Prairie Wolves in Print

—Reviewed by Eric Wendt (’99)

Women on the North American Plains
Edited by Renee M. Laegreid and Sandra K. Mathews

339 pages | Texas Tech University Press | $34

My work on this issue’s cover story (“The Places This Place Has Been,” page 16) illustrated to me the value of this lovely collection of essays compiled and edited by Professor of History Sandra Mathews and Renee Laegreid. To research and write that article, I had to overcome all the little John Waynes and Roy Rogerses whose collective gun smoke clouded my notions of the history of this place.

Where were the seedy saloons, the strutting sheriffs, sod houses and shootouts from University Place’s cowboy days? Couldn’t my research unearth a single no-good horse thief riding an old paint at night down muddy Baldwin Avenue with whiskey on his breath and trouble on his mind?

Truth be told, University Place’s “cowboy days” existed primarily in my movie-addled imagination.
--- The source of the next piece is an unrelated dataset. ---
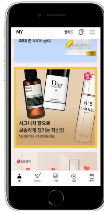
메인 피드 배너

광고 반응률이 높아, 아웃랜딩을 활용한 구매전환에 효과적 (*광고 피로도로 인한 발송 건수 미달성 시, 2~3일 이내 추가 발송)

In helping to correct those notions, this book joins what Laegreid called a 40-year-old “imperative to challenge the masculine, heroic, individualistic, and mostly all-white perception of the West.”

If we are to truly understand the history of the Great Plains from which Nebraska Wesleyan University would spring in 1887, Mathews, Laegreid and the 16 writers with essays in this comprehensive book contend that Clint Eastwood will simply have to sidle over far enough in our minds to make room for the likes of our own great-grandmothers.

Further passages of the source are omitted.